From 74f27e2a8f7beb698c90b2058756dfae7b50f679 Mon Sep 17 00:00:00 2001
From: =?UTF-8?q?F=C3=A1bio=20Mestre?= <fabio.mestre@codeplay.com>
Date: Mon, 23 Oct 2023 17:39:04 +0100
Subject: [PATCH 1/3] [CUDA] Change hint functions to return UR_SUCCESS

- The UR spec was recently changed to make hint entryponts
always return UR_RESULT_SUCCESS. This commit changes the CUDA
adapter to be conformant with this change.
- This commit also changes the type of PointerRangeSize which
 was causing a stack corruption.
---
 source/adapters/cuda/enqueue.cpp | 67 ++++++++++++++------------------
 1 file changed, 30 insertions(+), 37 deletions(-)

diff --git a/source/adapters/cuda/enqueue.cpp b/source/adapters/cuda/enqueue.cpp
index 5761f24e0a..6a7b777180 100644
--- a/source/adapters/cuda/enqueue.cpp
+++ b/source/adapters/cuda/enqueue.cpp
@@ -1355,36 +1355,30 @@ UR_APIEXPORT ur_result_t UR_APICALL urEnqueueUSMPrefetch(
     ur_queue_handle_t hQueue, const void *pMem, size_t size,
     ur_usm_migration_flags_t flags, uint32_t numEventsInWaitList,
     const ur_event_handle_t *phEventWaitList, ur_event_handle_t *phEvent) {
-  unsigned int PointerRangeSize = 0;
+  std::ignore = flags;
+
+  size_t PointerRangeSize = 0;
   UR_CHECK_ERROR(cuPointerGetAttribute(
       &PointerRangeSize, CU_POINTER_ATTRIBUTE_RANGE_SIZE, (CUdeviceptr)pMem));
   UR_ASSERT(size <= PointerRangeSize, UR_RESULT_ERROR_INVALID_SIZE);
   ur_device_handle_t Device = hQueue->getContext()->getDevice();
 
+  bool Supported = true;
   // Certain cuda devices and Windows do not have support for some Unified
   // Memory features. cuMemPrefetchAsync requires concurrent memory access
-  // for managed memory.
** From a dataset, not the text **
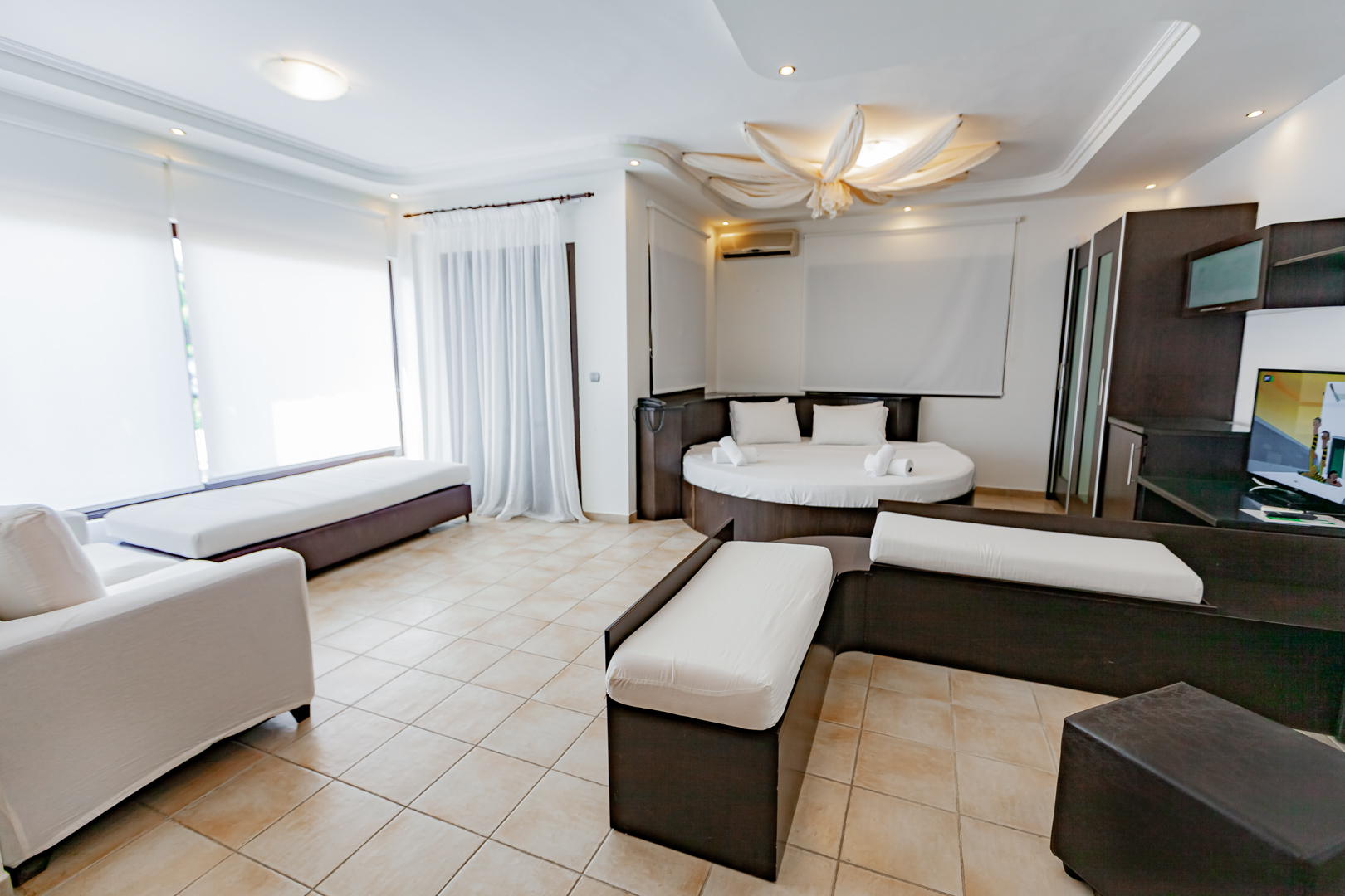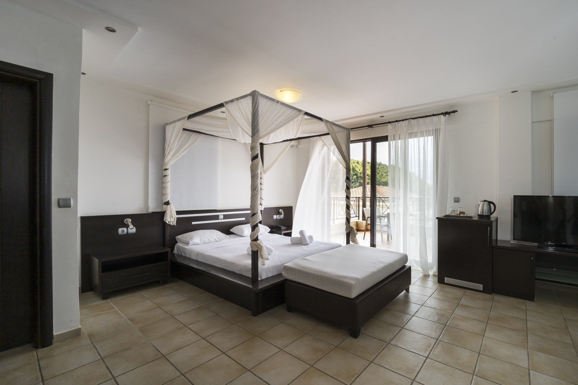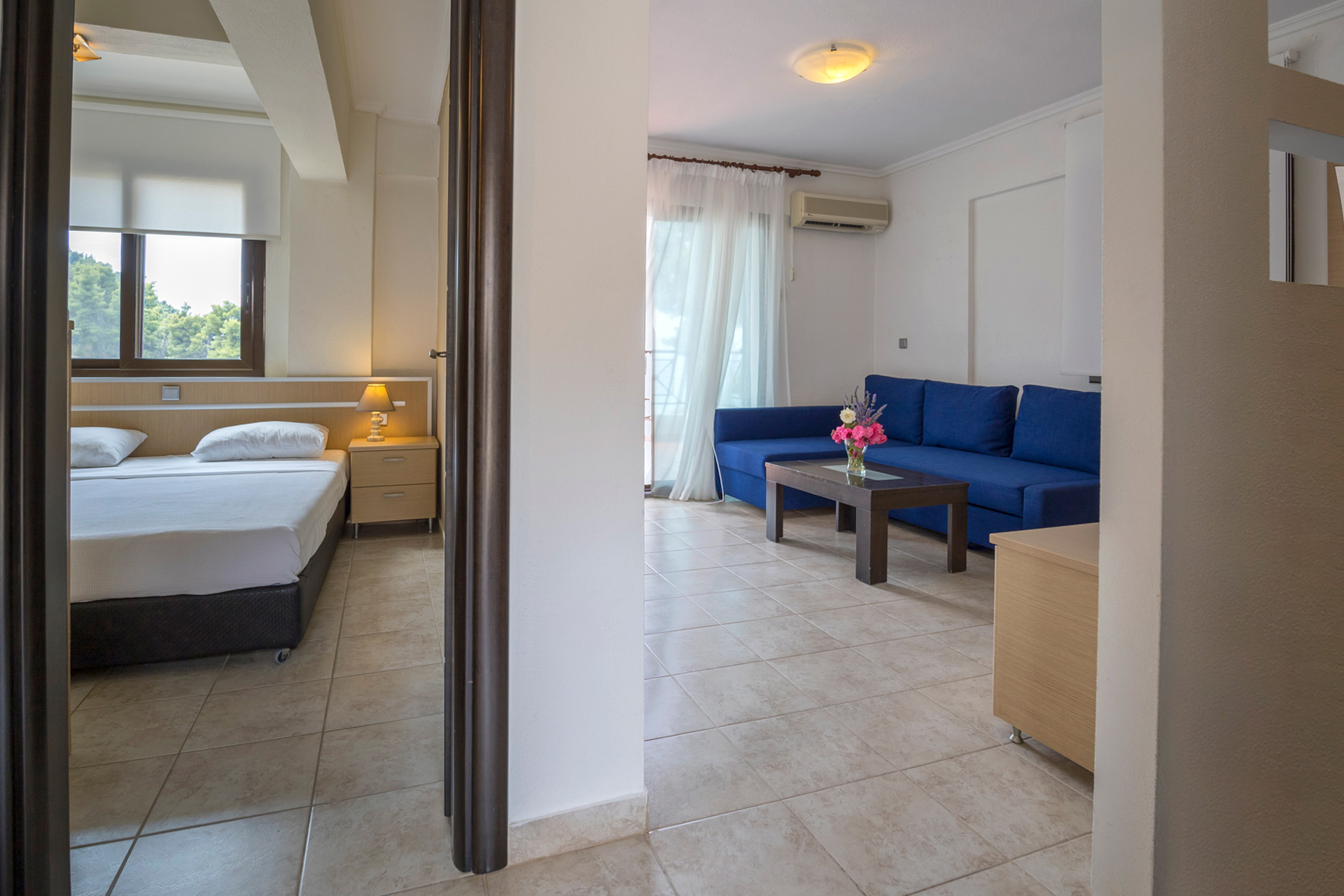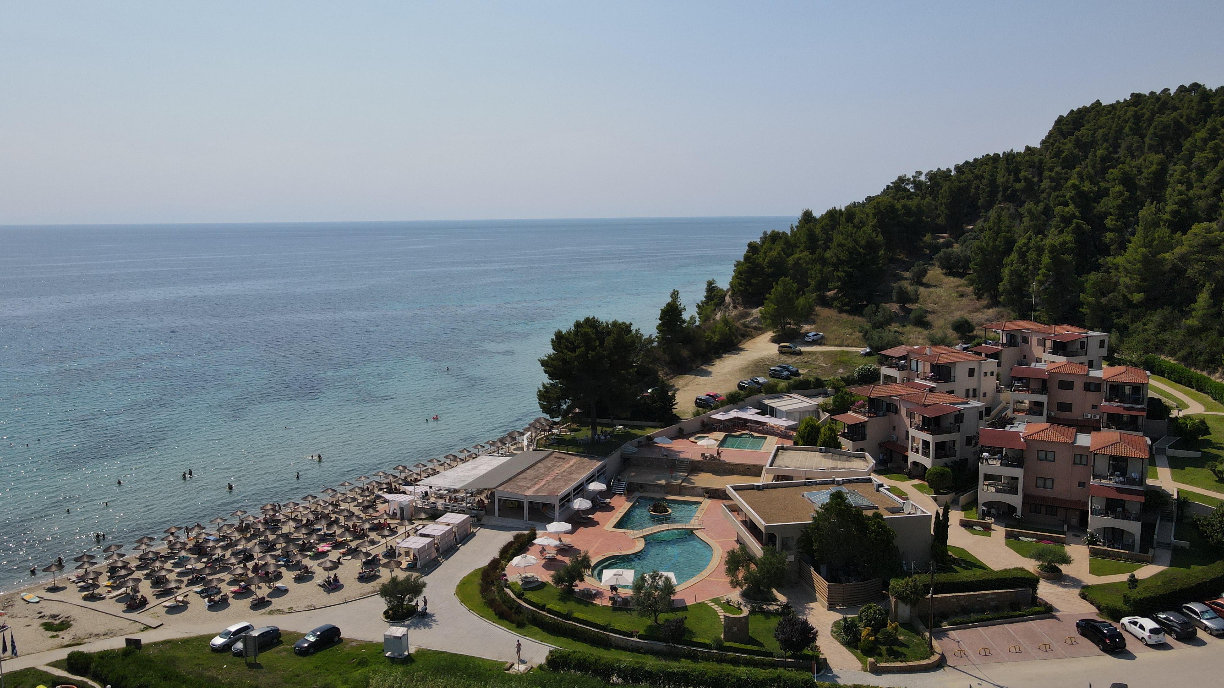The 4-star seaside resort of Elani Bay Resort is located in Elani Bay just 4km away from Siviri Village. Only a short walk from the coast, this resort is perfectly situated for those searching for a beach-side retreat. The hotel has 2 swimming pools for adults, and 1 for babies, a private beach, a breakfast room and a snack bar. Lunch and dinner option available on extra charge at the a' la carte tavern. The hotel is surrounded by pine trees and the beach in front of the hotel has umbrellas and sun loungers. Elani Bay consists of double rooms, one-bedroom apartments with a seating area and panoramic views, as well as one or two-bedroom suites and superior suites. All rooms come with a 32 '' flat-screen satellite TV, free WiFi, a fridge, a kettle, a safe, and a balcony or terrace. Free sun beds and umbrellas are provided for hotel guests at the pool area as well as at the beach with minimum consumption.. There is a tennis court and basketball court within 300 m from the hotel. In Siviri you can find taverns, supermarkets and bars.

Therfore, ignore prefetch hint if concurrent managed
+  // for managed memory. Therefore, ignore prefetch hint if concurrent managed
   // memory access is not available.
   if (!getAttribute(Device, CU_DEVICE_ATTRIBUTE_CONCURRENT_MANAGED_ACCESS)) {
-    setErrorMessage("Prefetch hint ignored as device does not support "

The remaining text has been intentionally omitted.